Lemony leek and mushroom soup
8 Servings
Ingredients
Quantity | Ingredient | |
---|---|---|
7 | cups | Water |
1 | cup | Chopped onion |
2 | Leeks, green parts only | |
4 | Parsley sprigs | |
1 | large | Celery stalk, chopped |
2 | Vegetable bouillon cubes | |
2 | tablespoons | Olive oil |
4 | larges | Leeks, chopped, white & light green parts only |
2 | mediums | Turnips, peeled & diced |
1 | large | Celery stalk, diced |
2 | Bay leaves | |
14½ | ounce | Can tomatoes, chopped |
12 | ounces | White mushrooms, sliced |
Juice of 1 lemon | ||
Salt & pepper to taste | ||
3 | tablespoons | Freshly minced parsley |
3 | tablespoons | Freshly minced dill |
Matzo farfel, optional |
Directions
STOCK
SOUP
Combine all stock ingredients, bring to a boil & simmer for 30 minutes.
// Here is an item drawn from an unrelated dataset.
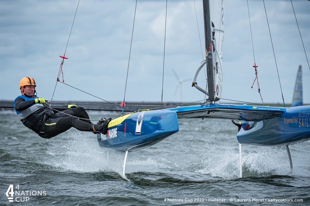 „Pssshhhhhh“. Da ist es wieder, dieses durchdringende, unüberhörbare Geräusch. Es stammt von Mischa Heemskerk, der wie immer bereits wenige Sekunden nach dem Startsignal seinen A-Cat auf die Foils hebt und davon zischt. Niemand beherrscht das Am-Wind-Foilen so gut wie er. Er macht dabei nicht nur rund 19 Knoten Bootsgeschwindigkeit, sondern erzielt auch eine gute Höhe. Um das Segel richtig dicht nehmen zu können, hat er bei der Großschot eine Untersetzung von 1 zu 13,5 eingebaut. Selbst er als ausgesprochen kräftiger Segler hätte sonst angesichts eines scheinbaren Windes von bis zu 39 Knoten erhebliche Probleme, die gewaltigen Kräfte zu beherrschen. Schon nach drei Minuten hat Mischa einige hundert Meter Vorsprung herausgefahren, er ist hier beim 4Nations-Cup im südholländischen Hellevoetsluis in einer eigenen Liga unterwegs.

Let stand till needed & then drain befroe using. Heat oil in a soup pot. Add chopped leeks & saute over moderate heat, stirring frequently, til lthe leeks start to go limp. Add stock, turnips, celery & bay leaves. Bring to a boil, cover & simmer for 10 minutes. Add tomatoes (including their juice) & mushrooms, simmer another 15 to 20 minutes. Season to taste & remove from heat. Allow soup to stand for several hours or cool & refrigerate overnight. Before serving, heat through, add parsley & dill. Top each serving with matzo farfel if desired.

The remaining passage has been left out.